= Exercise =
All of the data below should be printed again word for word, pictures excluded.

= Supplied material =
"""

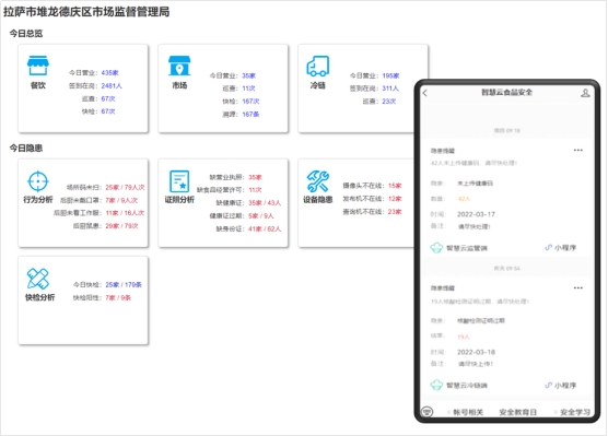 监管人员不再需要统计每天的不合格内容。在监管人员巡查后,系统在PC端对于巡查结果自动统计,并进行智能分类。同时将存在隐患和不合格的内容,通过微信小程序的方式发送给监管人员,使其第一时间发现问题并做出对应的处理。高效精准识别各种问题,将监管人员从底层的繁重资料工作中解脱出来,把工作重心放在系统自动发现的问题上。极大的提高工作的及时性、准确性、效率性。
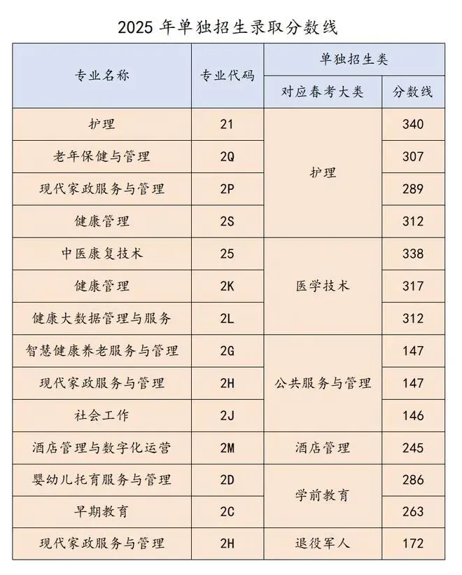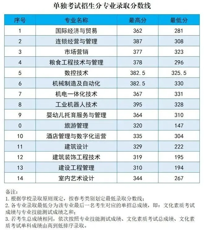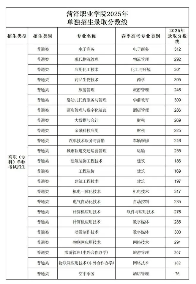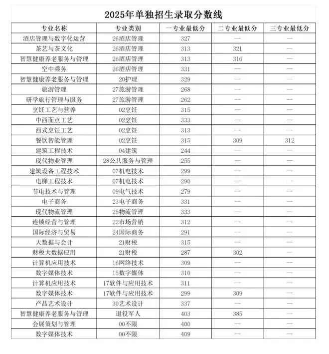 2025年单招录取分数线
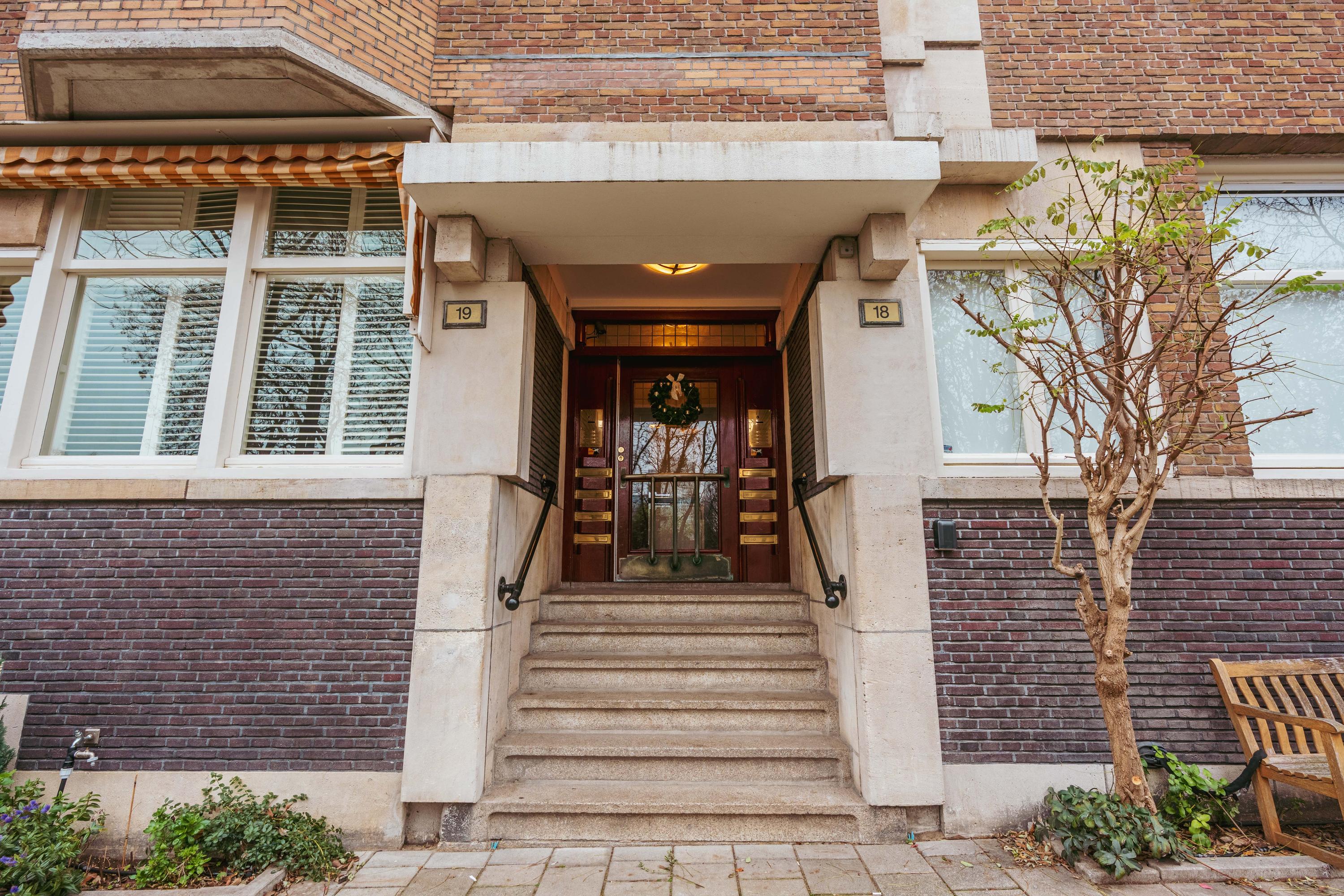 The communal entrance is neat and well maintained. You reach the second floor via the staircase or the elevator, where the private entrance to the apartment is located.
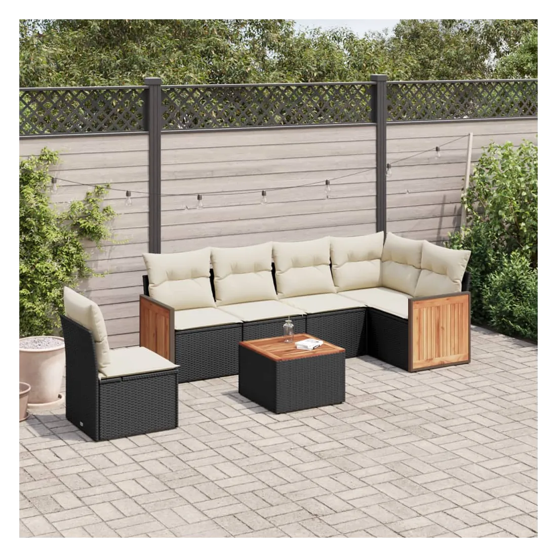Cet ensemble de canapés de jardin est le complément parfait de votre arrière-cour, terrasse ou patio, offrant un espace confortable et accueillant pour discuter avec la famille et les amis ou simplement se détendre et profiter de l'extérieur. Matériau durable : la résine tressée, également connue sous le nom de poly rotin, est un matériau synthétique solide et nécessitant peu d'entretien qui ressemble au rotin naturel. Il est léger, facile à nettoyer et couramment utilisé pour les meubles d'extérieur en raison de sa durabilité et de ses propriétés de résistance aux intempéries.Fonction de rangement avec sac résistant à l'eau : le mobilier de jardin dispose d'un espace de rangement sous l'assise, complété par un sac résistant à l'eau pour ranger coussins, jouets et autres objets. Le sac intérieur peut être solidement fixé au mobilier d'extérieur grâce à des attaches auto-agrippantes pour plus de stabilité.Dessus stable et facile à nettoyer : cette table de jardin a un dessus en bois d'acacia robuste, durable et facile à nettoyer avec un chiffon humide.Housse amovible et lavable : ces coussins de siège sont dotés de housses amovibles pour un lavage et un entretien faciles.Conception modulaire : cet ensemble de meubles d'extérieur a une conception modulaire, ce qui le rend complètement flexible et facile à déplacer, afin que vous puissiez créer un agencement de meubles d'extérieur personnalisé. Bon à savoir :Pour que vos meubles d'extérieur restent beaux, nous vous recommandons de les protéger avec une housse imperméable.

"""

= Solution for this problem =
 监管人员不再需要统计每天的不合格内容。在监管人员巡查后,系统在PC端对于巡查结果自动统计,并进行智能分类。同时将存在隐患和不合格的内容,通过微信小程序的方式发送给监管人员,使其第一时间发现问题并做出对应的处理。高效精准识别各种问题,将监管人员从底层的繁重资料工作中解脱出来,把工作重心放在系统自动发现的问题上。极大的提高工作的及时性、准确性、效率性。
 2025年单招录取分数线
 The communal entrance is neat and well maintained. You reach the second floor via the staircase or the elevator, where the private entrance to the apartment is located.
Cet ensemble de canapés de jardin est le complément parfait de votre arrière-cour, terrasse ou patio, offrant un espace confortable et accueillant pour discuter avec la famille et les amis ou simplement se détendre et profiter de l'extérieur. Matériau durable : la résine tressée, également connue sous le nom de poly rotin, est un matériau synthétique solide et nécessitant peu d'entretien qui ressemble au rotin naturel. Il est léger, facile à nettoyer et couramment utilisé pour les meubles d'extérieur en raison de sa durabilité et de ses propriétés de résistance aux intempéries.Fonction de rangement avec sac résistant à l'eau : le mobilier de jardin dispose d'un espace de rangement sous l'assise, complété par un sac résistant à l'eau pour ranger coussins, jouets et autres objets. Le sac intérieur peut être solidement fixé au mobilier d'extérieur grâce à des attaches auto-agrippantes pour plus de stabilité.Dessus stable et facile à nettoyer : cette table de jardin a un dessus en bois d'acacia robuste, durable et facile à nettoyer avec un chiffon humide.Housse amovible et lavable : ces coussins de siège sont dotés de housses amovibles pour un lavage et un entretien faciles.Conception modulaire : cet ensemble de meubles d'extérieur a une conception modulaire, ce qui le rend complètement flexible et facile à déplacer, afin que vous puissiez créer un agencement de meubles d'extérieur personnalisé. Bon à savoir :Pour que vos meubles d'extérieur restent beaux, nous vous recommandons de les protéger avec une housse imperméable.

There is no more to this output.